I think @EricL and @Adam_W have pretty much covered everything, the only other thing I can think to suggest is that if the stirrups you are planning to use are too large for the 90 x 45mm bearers, maybe you could consider upgrading to 120x45mm. This will mean the bearers sit on the base of the stirrup as intended, and will also give the bearers greater strength, making your proposed spacings more achievable. This will still allow you to use the 90 x 45mm for the joists as you are planning on doing
Really looking forward to seeing update photos of this one, would be great to see some work in progress pics as well as the finished product.
Best of luck!
@Adam_W Thanks for the explanation about force transfer. I'm thinking I'll increase the number of joists so there is only about a 315mm space between them (instead of 450mm). That feels like a lot of joists but as you say, I'm not dealing with continuous joists. Adding more posts too is a good idea. I've updated the diagram to show these alterations.

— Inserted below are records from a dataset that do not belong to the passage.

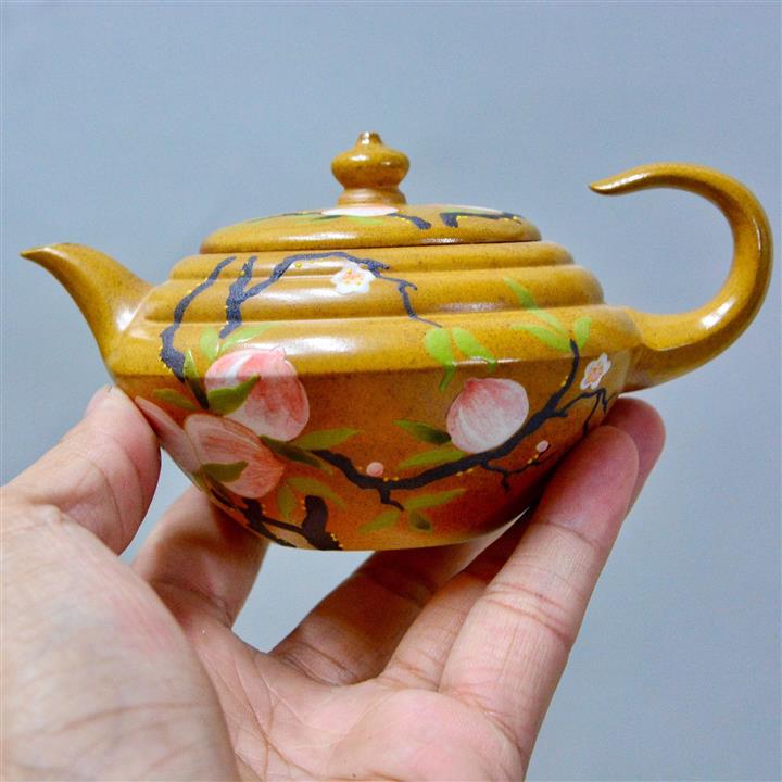 160cc原礦段泥松脂燒壽桃飛把茶壺POT8893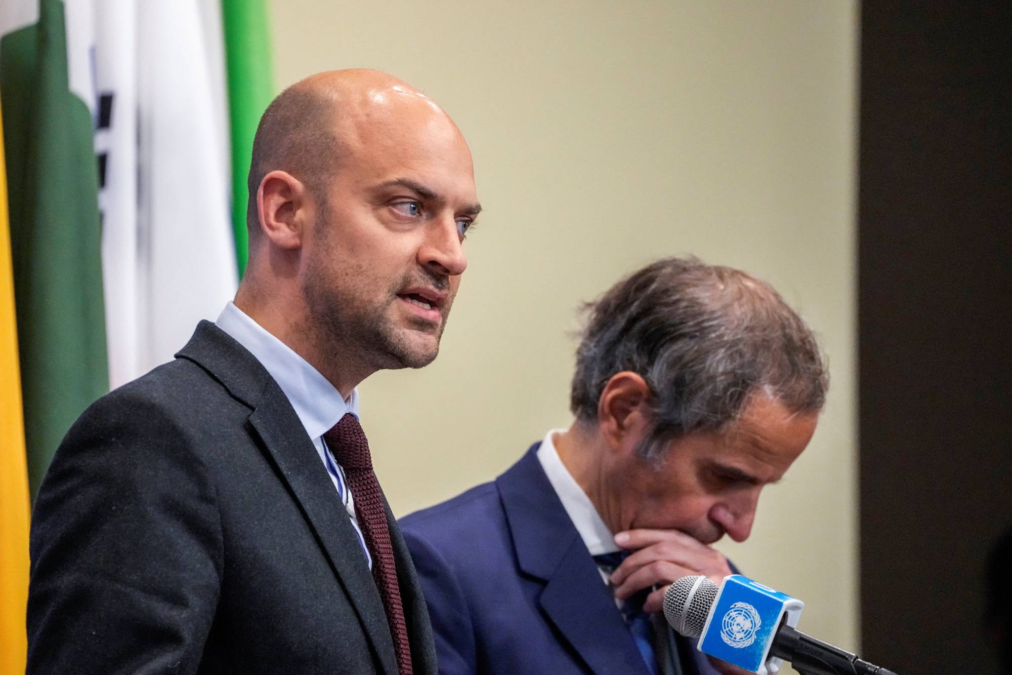 بارو ومدير الوكالة الدولية للطاقة الذرية رافائيل غروسي يتحدثان للصحافيين بشأن ملف إيران على هامش جلسة مجلس الأمن في نيويورك الاثنين الماضي (رويترز)
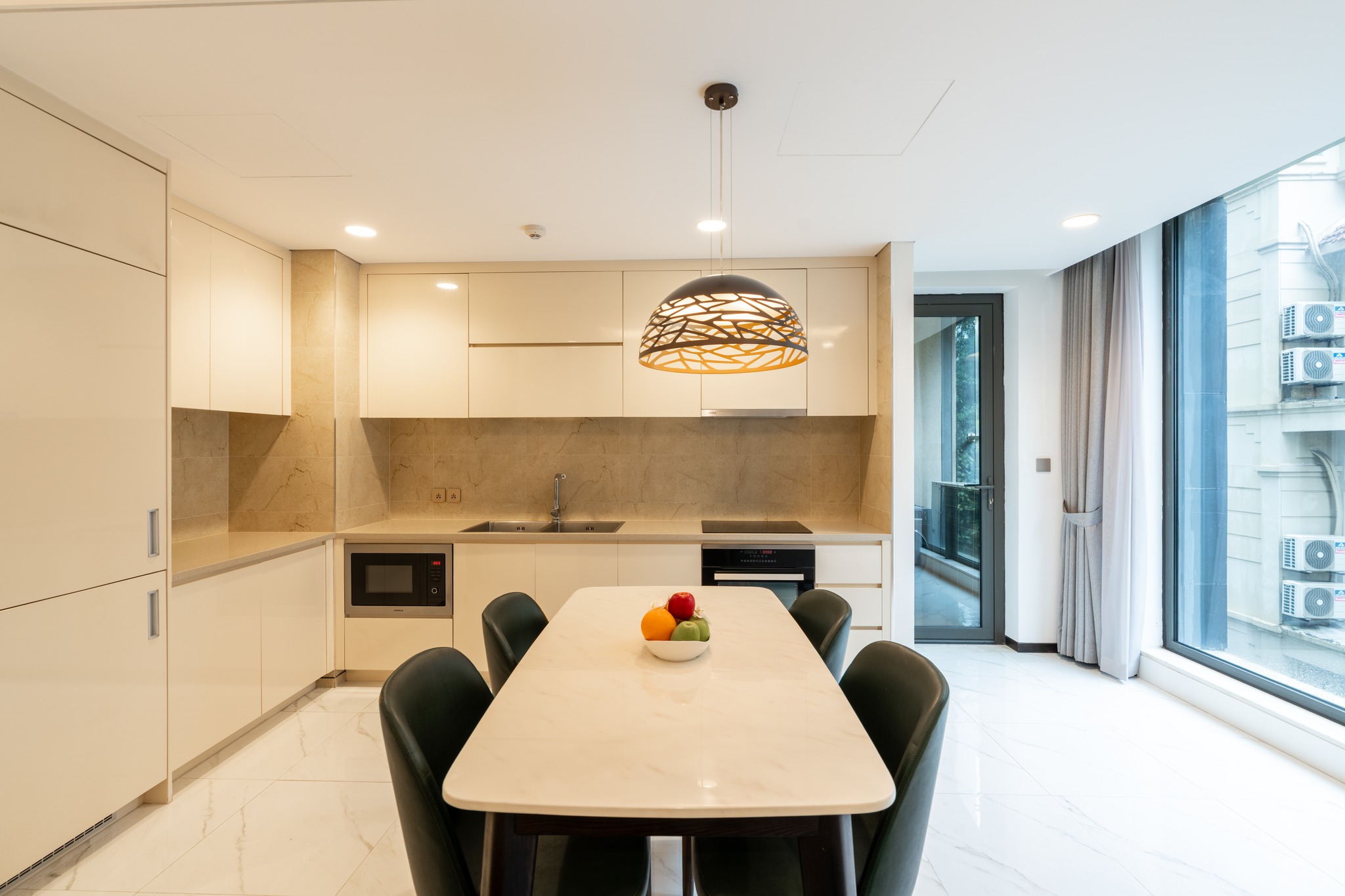 Reside in a peaceful and slow-moving corner of the city in the Three Bedroom Executive. Designed for a group of six, the serviced apartments feature a king bed in the master bedroom, a queen bed in the second and third bedroom, a spacious living and dining room, and a kitchen.

@EricL Good thinking about using H4 posts instead. I had been thinking of using stirrups so I could have smaller footings because the deck will be close to an established ash tree. However, timber posts might just be easier in the long run.
@tom_builds That is another great suggestion, thank you. This might work rather well.
May I ask, do any of you have any concerns with using angled joists for the curved sections (shown in yellow in the diagram)? I can't find appropriate 40 degree joist hangers. I could change the design to 45 degrees but even then I can't find angled hangers. I guess this means I'll have to use four large coach screws at each of points when the yellow joist connects to the other joists and bearers? Will that be enough support?
Thank you again! I will be sure to take plenty of photos along the way and share photos of the finished product.
Good stuff @midas and yes! Please make sure you share pics as you progress.
While joist hangers don't seem to come in an angled variety @midas, you might find that you can bend them sufficiently to achieve what you need, and then use coach screws to connect through the bearers into the joists. The joist hangers will make the coach screws easier to fix, and while bending the joist hangers may affect their strength, combined with the coach screws they should help strengthen the joint.
They are wrap around style, not sure on sizing for your project but they have a diagram and phone numbers listed for most states.
Thanks @Brad ! I found those online but struggling to find a local supplier.
@tom_builds i had the same idea. I'm thinking i might do it that way. The hanger (or maybe even just a nail plate) will just hold thinks in place while the coach screws do the heavy lifting. If in doubt I'm sure i could also put a post in the middle too to help hold the weight.